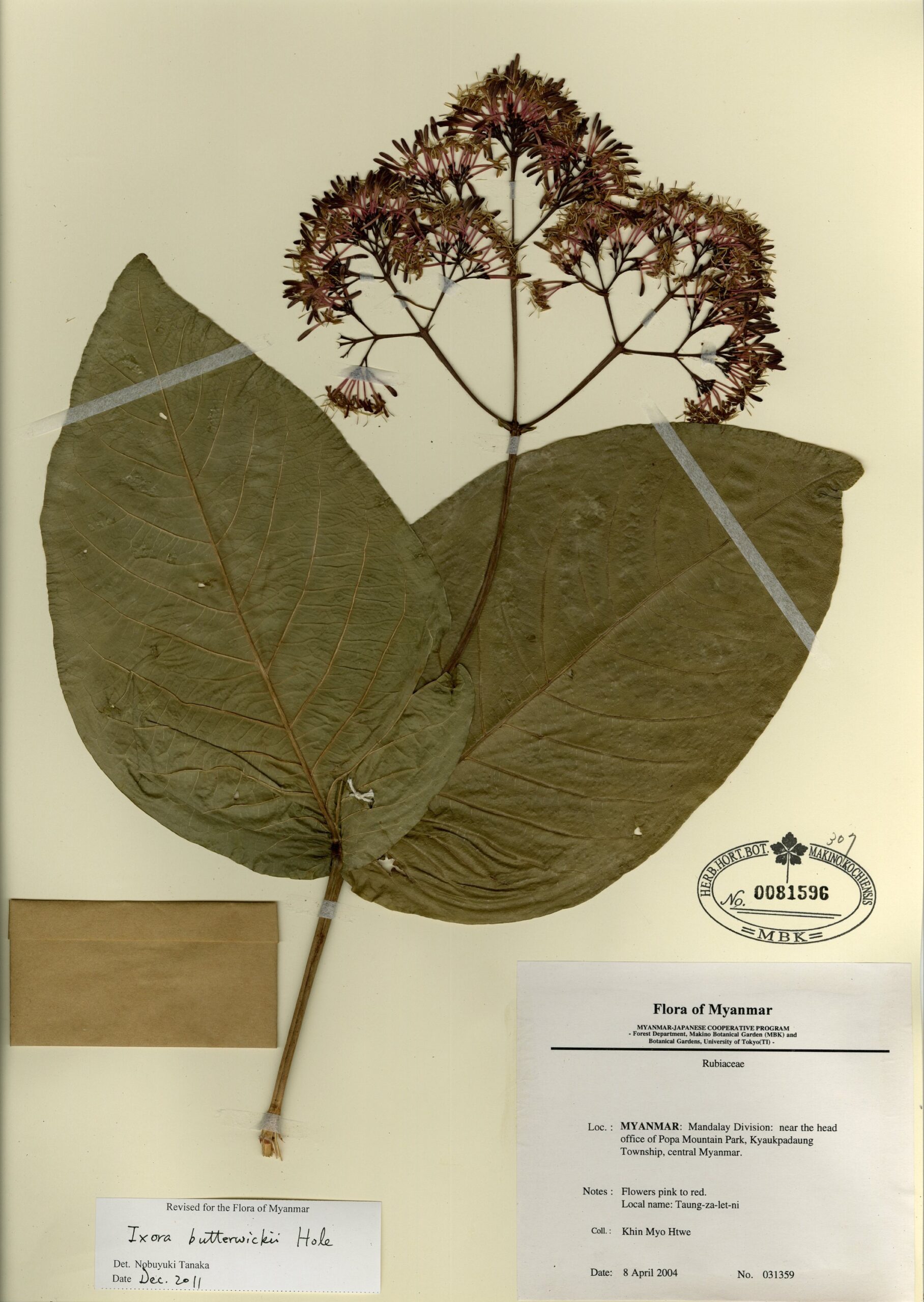 Rubiaceae | Ixora butterwickii Hole | MYANMAR: Mandalay Division: near the head office of Popa Mountain Park, Kyaukpadaung Township, central Myanmar. | 8 April 2004 | Khin Myo Htwe; | 031359 | 0081596 |
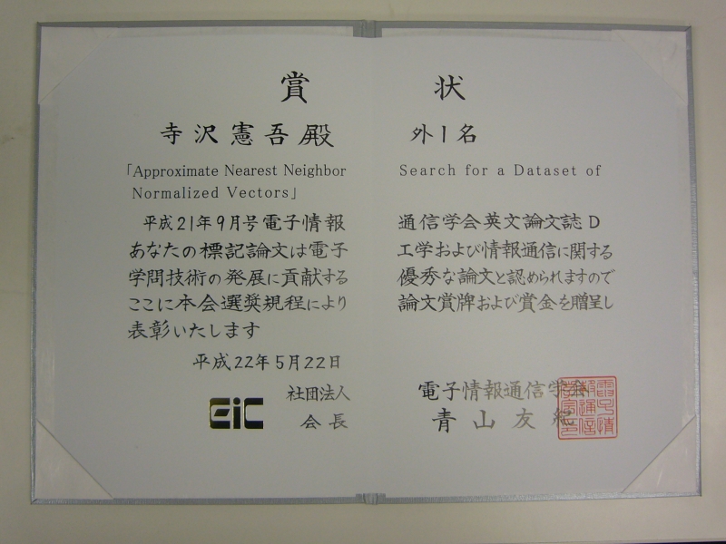 本学情報アーキテクチャ学科の寺沢憲吾助教らの論文 “Approximate Nearest Neighbor Search for a Dataset of Normalized Vectors” (IEICE Transactions on Information and Systems, vol.E92-D, No.9, pp.1609-1619) が、 平成21年度( 第66回)の電子情報通信学会論文賞を受賞しました。
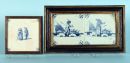 Fayence, beige Glasur, handbemalt mit Personenmotiven, je ca. 13 x 13 cm, wohl Delft, 17./18. Jh., in 2 Holzrahmen;
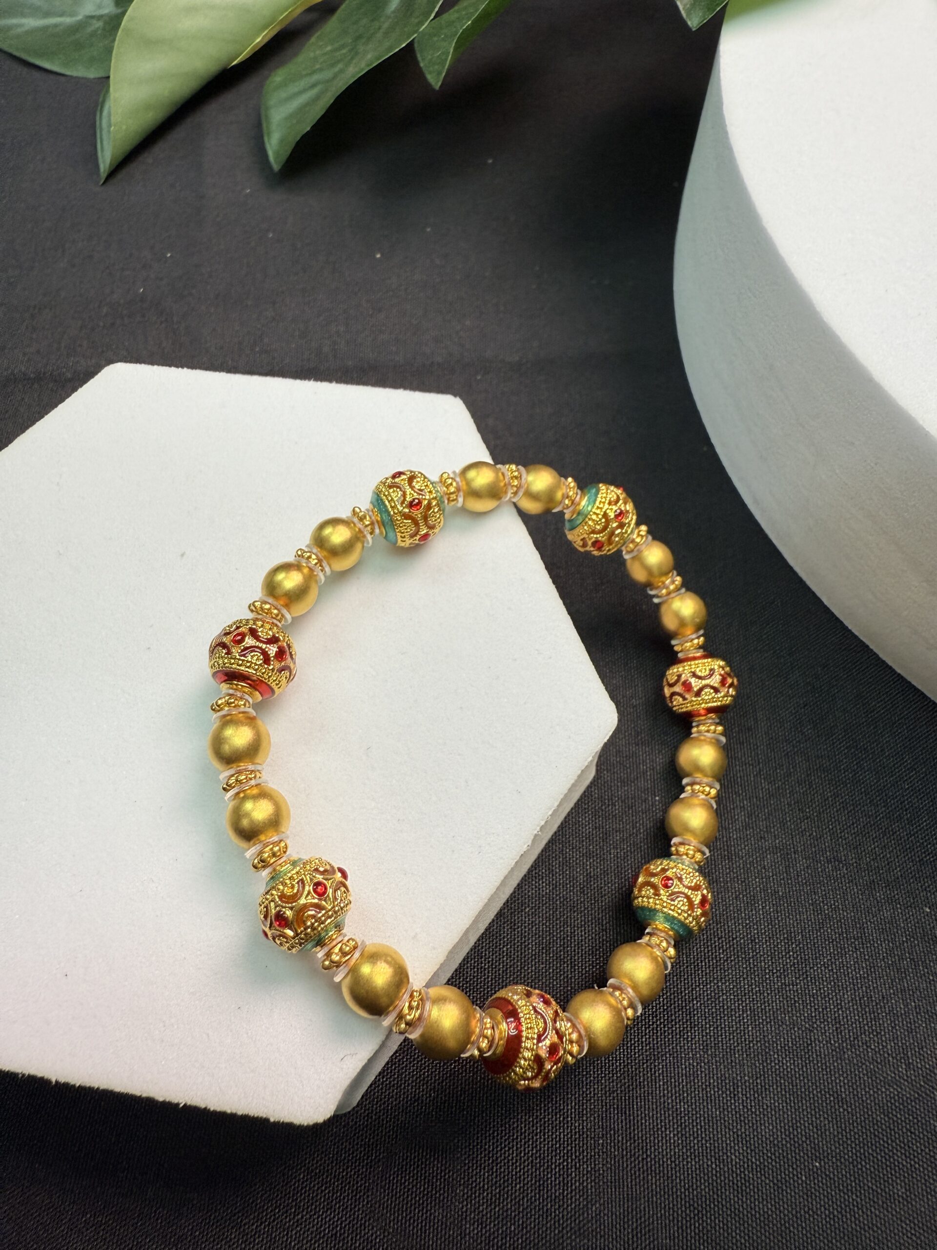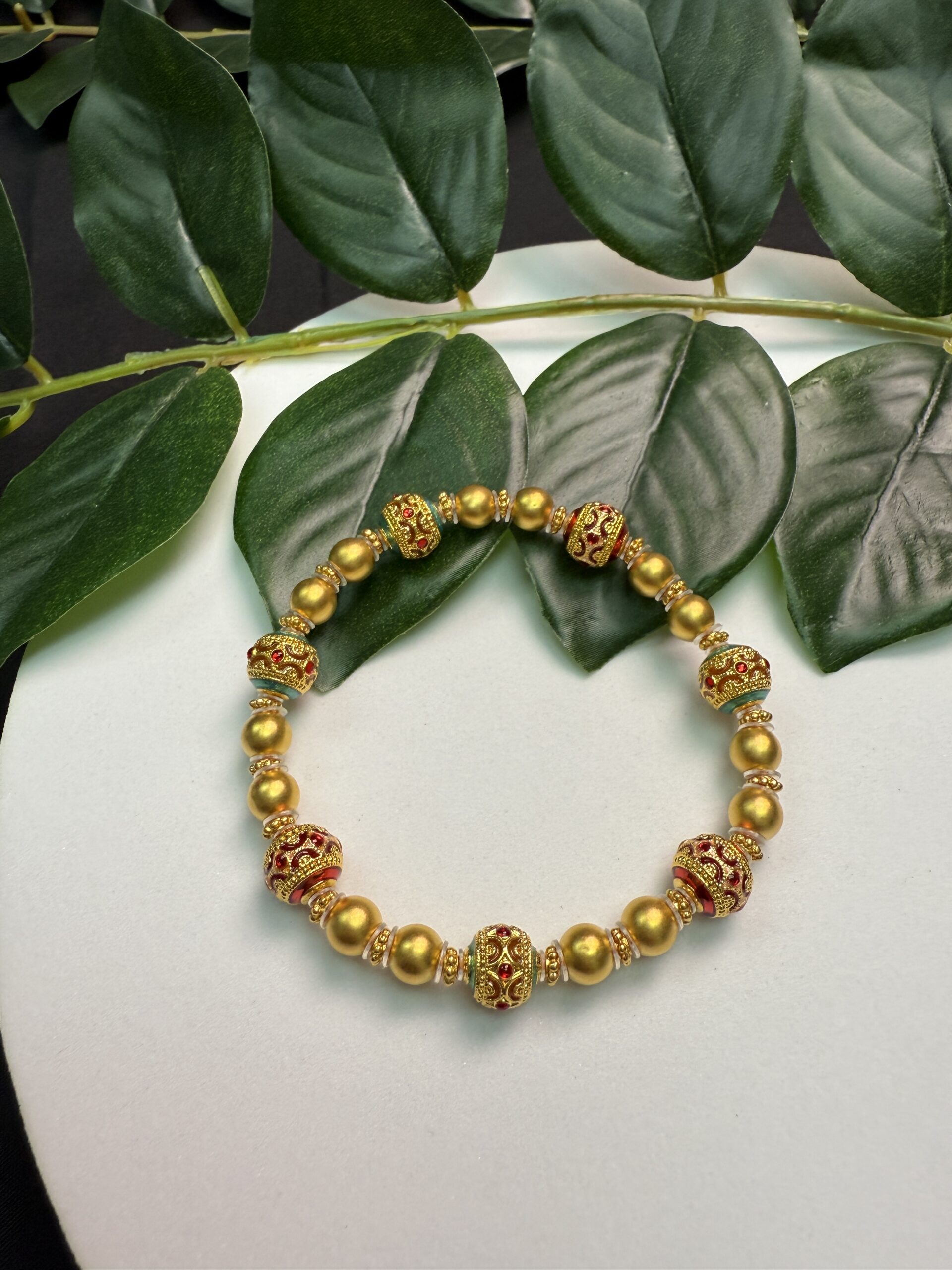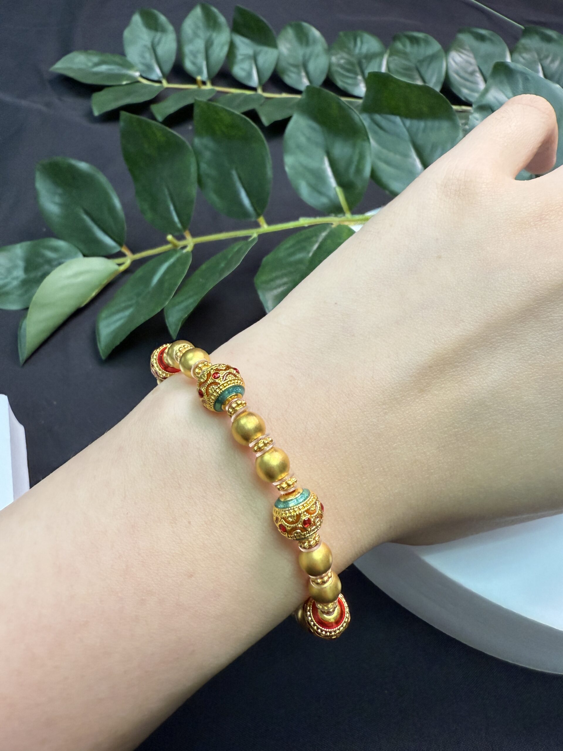 Composition: 24k gold green round beads measuring 8.5×8.2mm each (4), 24k gold red round beads measuring 8.5×8.2mm each (3), 6mm 24k gold beads (14) and 4mm 24k gold wheel beads (21)
-----
**EXERCISE DETAILS**
Copy the entire listing exactly but skip the pictures.

**RESULT**
 Rubiaceae | Ixora butterwickii Hole | MYANMAR: Mandalay Division: near the head office of Popa Mountain Park, Kyaukpadaung Township, central Myanmar. | 8 April 2004 | Khin Myo Htwe; | 031359 | 0081596 |
 本学情報アーキテクチャ学科の寺沢憲吾助教らの論文 “Approximate Nearest Neighbor Search for a Dataset of Normalized Vectors” (IEICE Transactions on Information and Systems, vol.E92-D, No.9, pp.1609-1619) が、 平成21年度( 第66回)の電子情報通信学会論文賞を受賞しました。
 Fayence, beige Glasur, handbemalt mit Personenmotiven, je ca. 13 x 13 cm, wohl Delft, 17./18. Jh., in 2 Holzrahmen;
 Composition: 24k gold green round beads measuring 8.5×8.2mm each (4), 24k gold red round beads measuring 8.5×8.2mm each (3), 6mm 24k gold beads (14) and 4mm 24k gold wheel beads (21)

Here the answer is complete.